Dalam surat Al-Baqarah ayat 3-4 diatas disebutkan empat kriteria orang-orang yang bertaqwa, yaitu: (1) Beriman kepada yang ghaib, (2) Mendirikan shalat, (3) Menafkahkan sebagian dari rezeki yang diterimanya dari Allah SWT, (4) Beriman dengan Kitab Suci Al-Quran dan kitab-kitab suci sebelumnya, dan (5) Beriman dengan hari Akhir.

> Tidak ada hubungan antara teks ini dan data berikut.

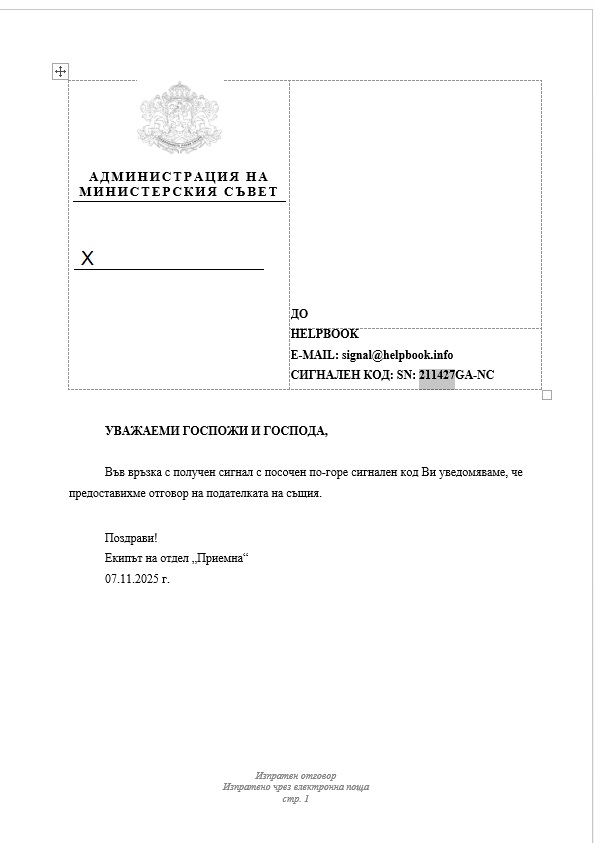 | 19.04.2021 | Зов за помощ. | получил отговор | |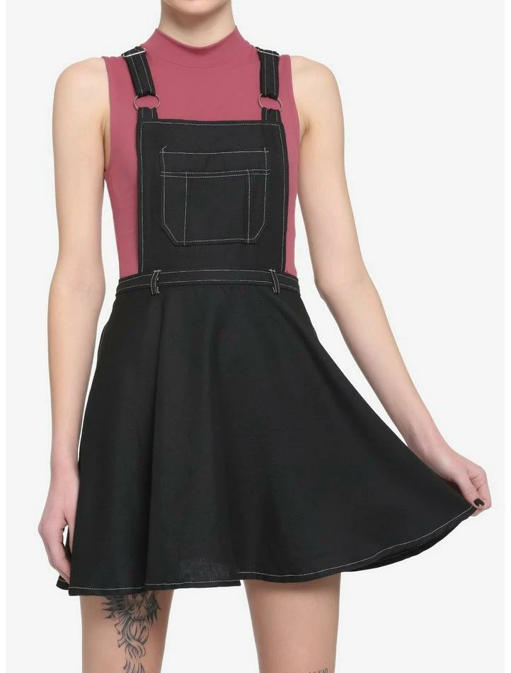 Lookin’ for a new skirtall to add to your wardrobe? We’ve got you covered! This black, woven skirtall features white contrast stitching throughout. It comes with chest and side seam pockets, belt hoops and adjustable straps with silver-tone O-ring detailing. Back zipper closure.
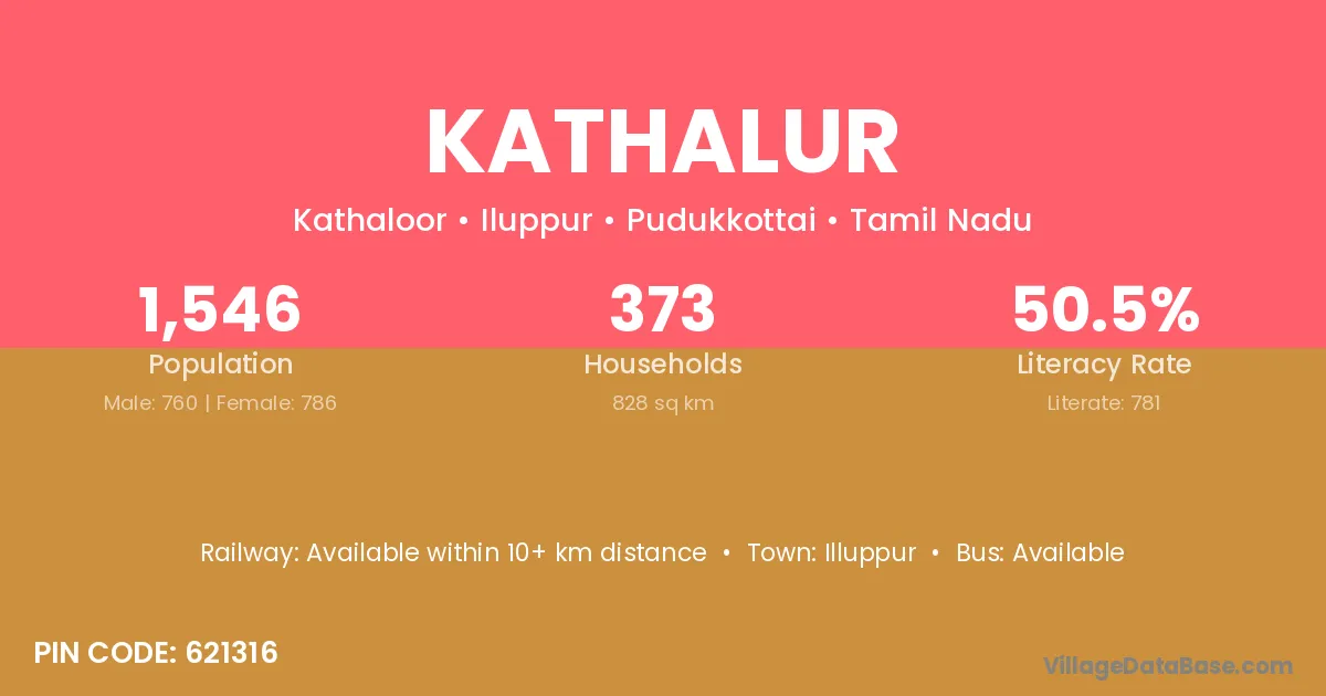 Kathalur village has a total population of 1,546 people, of which 760 are males and 786 are females.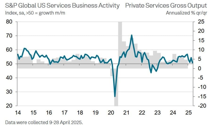 “While tariff announcements mean manufacturing dominates the news, a worrying backstory is developing in the vastly larger services economy, where business activity and hiring have come closer to stalling in April amid plunging business confidence.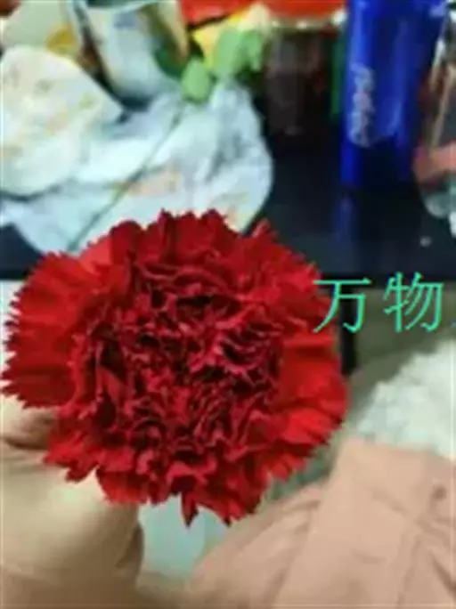 2、开放度小:一手捏住花头底部,另一手用食指侧面轻轻用力拨花头外侧的花瓣,这样花就开大了。不可以用手去拨花心,让康乃馨泡水后慢慢开放即可。

Seseorang yang bertaqwa kepada Allah SWT akan dapat memetik manfaat, baik di dunia maupun di akhirat. Yakni antara lain:
1. Mendapatkan Sikap Furqan, yaitu sikap tegas membedakan antara hak dan batil, benar dan salah, halal dan haram, serta terpuji dan tercela
2. Mendapatkan Limpahan Berkah dari Langit dan Bumi
3. Mendapatkan Jalan Keluar dari Kesulitan
4. Mendapatkan Rezeki tanpa Diduga-duga
5. Mendapatkan Kemudahan dalam Urusannya
6. Menerima Penghapusan dan Pengampunan Dosa serta Mendapatkan Pahala yang Besar

b. Cinta kepada Allah SWT.
Cinta adalah kesadaran diri, perasaan jiwa dan dorongan hati yang menyebabkan seseorang terpaut hatinya kepada apa yang dicintainya dengan penuh semangat dan rasa kasih sayang. Cinta dengan pengertian demikian sudah merupakan fitrah yang dimiliki setiap orang. Islam tidak hanya mengakui keberadaan cinta itu pada diri manusia, tetapi juga mengaturnya sehingga terwujud dengan mulia. Begi seorang mukmin, cinta pertama dan yang utama sekali diberikan kepada Allah SWT. Sebagaimana Allah SWT berfirman:
“Dan diantara manusia ada orang-orang yang menyembah tandingan-tandingan selain Allah; mereka mencintainya sebagaimana mereka mencintai Allah. Adapun orang-orang yang beriman Amat sangat cintanya kepada Allah. dan jika seandainya orang-orang yang berbuat zalim itu[106] mengetahui ketika mereka melihat siksa (pada hari kiamat), bahwa kekuatan itu kepunyaan Allah semuanya, dan bahwa Allah Amat berat siksaan-Nya (niscaya mereka menyesal).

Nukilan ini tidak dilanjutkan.